— Information supplied —
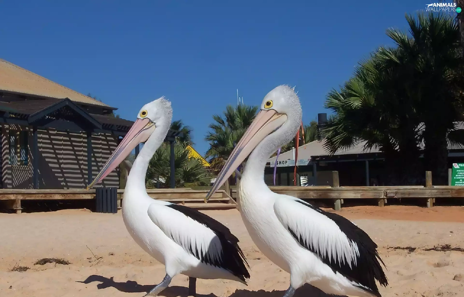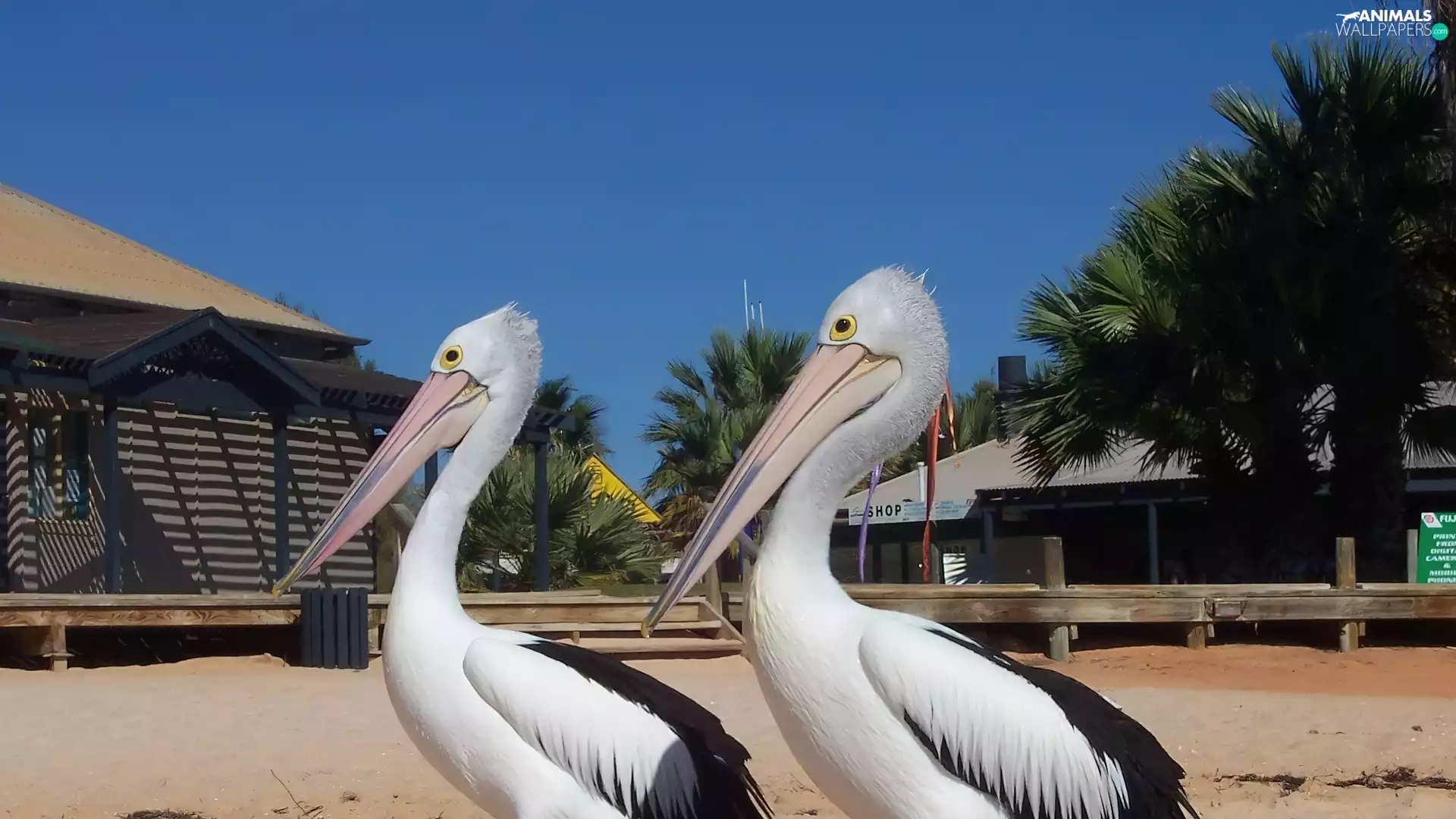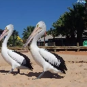 Two cars, pelicans
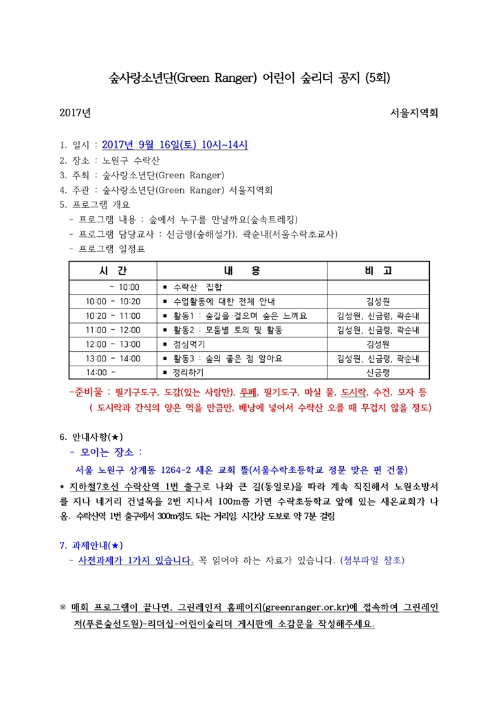 ⦁ 첨부파일 숲사랑소년단(Green Ranger) 어린이 숲리더 공지 (5회).hwp 사전과제1가지 (꼭 읽어야 하는 자료).hwp |
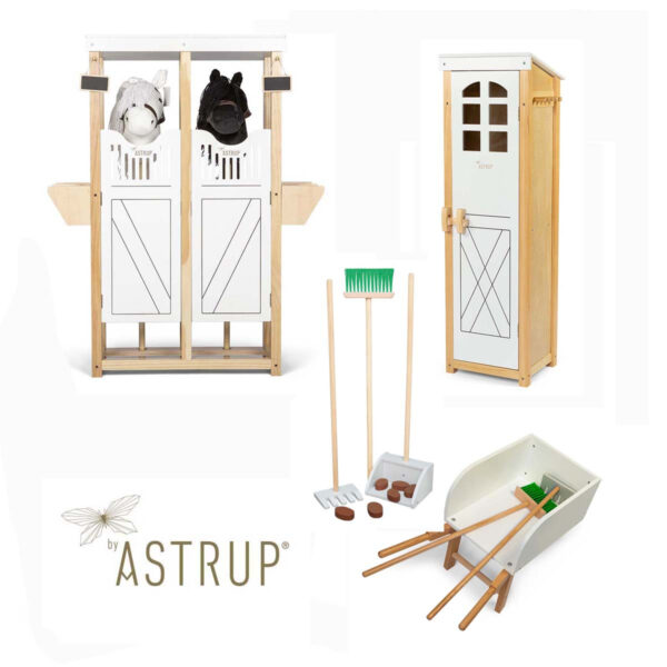 De kære kæpheste skal jo have et godt sted at sove og et sted at tage et lille hvil, når de ikke er ude at rides på, som de jo er det meste af dagen. Derfor har vi lavet denne lækre pakkeløsning fra BY Astrup, for alle heste skal have en stald. -også børnenes legetøjsheste. Og denne elegante hestestald fra By Astrup et must i børneværelset, ligesom staldskabet til alt deres udstyr.

— Aim of the task —
Please write out, word for word, each line from the one with "하는 자료).hwp |" to the last line of the data, keeping both ends and omitting pictures.

— Output for this exercise —
 ⦁ 첨부파일 숲사랑소년단(Green Ranger) 어린이 숲리더 공지 (5회).hwp 사전과제1가지 (꼭 읽어야 하는 자료).hwp |
 De kære kæpheste skal jo have et godt sted at sove og et sted at tage et lille hvil, når de ikke er ude at rides på, som de jo er det meste af dagen. Derfor har vi lavet denne lækre pakkeløsning fra BY Astrup, for alle heste skal have en stald. -også børnenes legetøjsheste. Og denne elegante hestestald fra By Astrup et must i børneværelset, ligesom staldskabet til alt deres udstyr.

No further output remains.